I don’t know if the French have been chastened by this rebuke, but I think we should urge Nick to relax. Look at the polls. Anyone would think that Nicolas Sarkozy and David Cameron began that summit with a secret meeting, at which they agreed to help boost the other’s domestic ratings. “I’ll bash you if you’ll bash me,” they said. “Our voters will love it!” And hey presto. The Prime Minister takes a principled opposition to plans for a Fiscal Union (FU), and shoots ahead of poor old Ed Miliband in the polls.
Sarkozy bolsters his own election hopes as he launches an ever-popular tirade against les rosbifs and their appalling belief in free markets. It’s win-win. That is the point about the pantomime xenophobia between the French and the British: it is essentially innocent — or more innocent than almost any other form of xenophobia; because in our hearts, au fond, neither side really believes it. We have to admit there are times when we enjoy a good old orgy of gratuitous Frog-bashing. There are times when we are all prepared to read how our continental cousins are a bunch of garlic-breathing Strauss-Kahns with a deeply suspect interest in structuralism and gloomy films. In this stereotypical world, their women fail to shave their armpits, they have a weird obsession with suppositories and a fanatical lust to eat our children’s ponies.
As for the French view of the British, I am afraid that there are times when they can be heard to say that we have terrible food, that we prefer hot water bottles to sexual intercourse and that most of the men in our ruling class (this was a tart observation by former prime minister Edith Cresson) were not the marrying kind. This is the kind of cheerful abuse that we have been directing at each other for generations, and ever since the battle of Waterloo it has not been meant very seriously.
Deep down, all reasonable English people know that the French have an extraordinary culture, that their understanding of cheese-making is god-given, that they have high-speed trains of a kind we are still trying to imitate and that it is a shame that we (and our children) are so feeble in our mastery of their beautiful language. You can tell that the British secretly love and admire the French by the sheer numbers who go to France for their holidays, and who make their homes in the Dordogne.

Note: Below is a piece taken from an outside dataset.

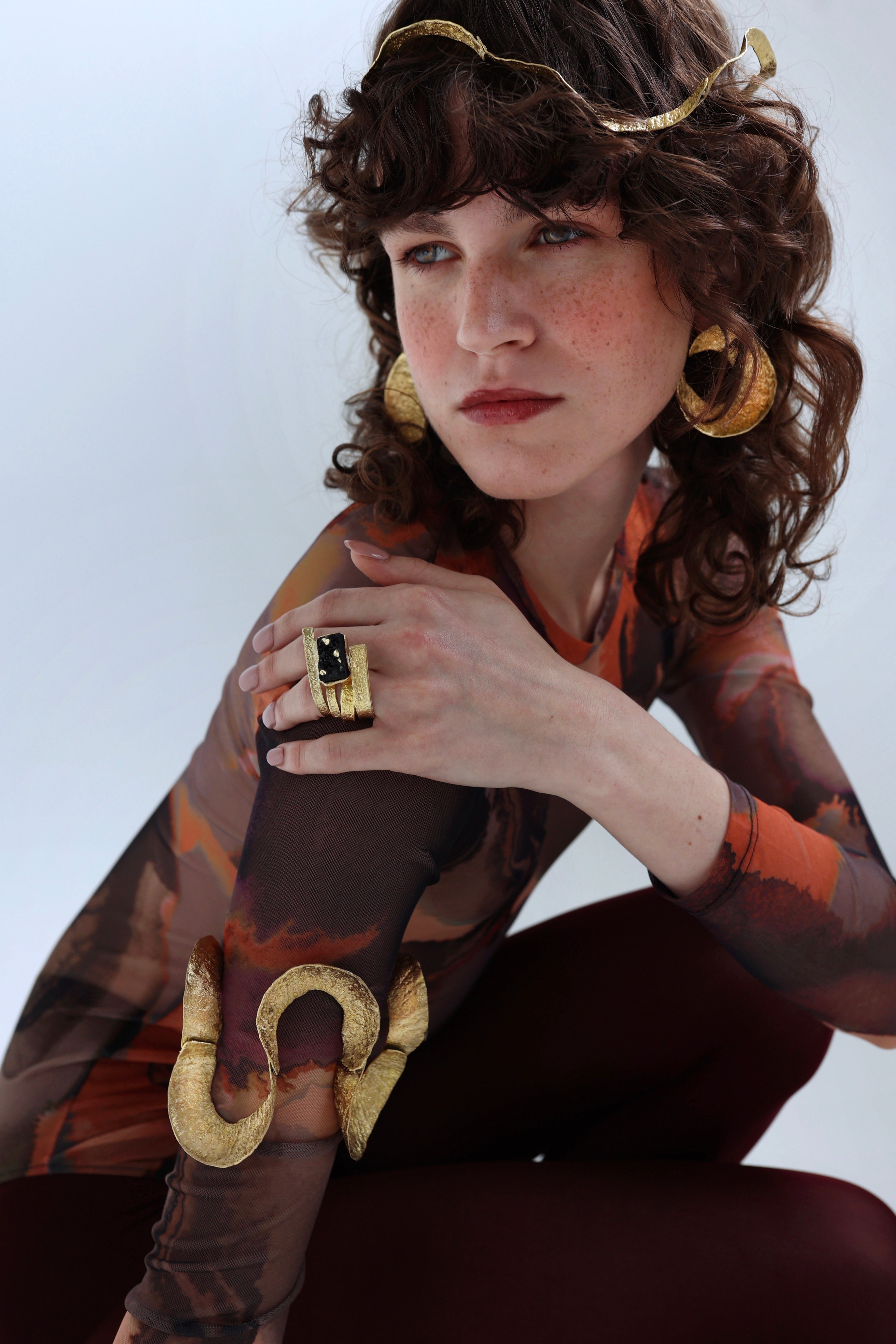 Our Hermione bracelet encapsulates the epitome of contemporary coolness with its unique shape and style. It exudes an unconventional charm that sets it apart from the rest. It offers versatility with its adjustability, allowing you to wear it on your wrist, up your arm, or even around your ankle.

As for the French, they know in their hearts that for all the 20th-century misunderstandings between us — Verdun, Mers-el-Kebir, Suez, de Gaulle’s “non” — we remain indispensable allies; and all civilised French people understand that we also have our good points: humour, gardens, custard, pubs, democracy, the theatre and everything else that makes this country great. That is why so many hundreds of thousands of French people have moved to England in the past 20 years, and that is why London is now the sixth or seventh biggest French city on Earth. In fact, there are now so many talented French people living in the English capital that a special MP has just been appointed for outre-manche.
Victor Hugo said something about how the French and the English needed each other, because they both did well from the competition — and he was right. And the final reason to be cool about the gall of Gaul is, of course, that we are not the real object of French wrath. It isn’t Britain whose dithering is causing the continuing and growing uncertainty over the euro. Downing Street is not responsible for the failure to reassure the markets with a credible plan to guarantee the sovereign debt of the peripheral euro nations.
The French are really disappointed with Germany; and it is a golden rule of European politics that when France is angry with Germany, Britain gets the blame. That is because a rant against Germany is a very different thing, with a much heavier charge. Sixty-seven years after the war, the French are facing up to the reality that the European experiment has failed to contain German economic might, and that the Germans are unwilling and unable to help other countries cope with the agony of the euro.
That is what is really making them angry — but that is taboo. Much better to chuck a cow at les anglais.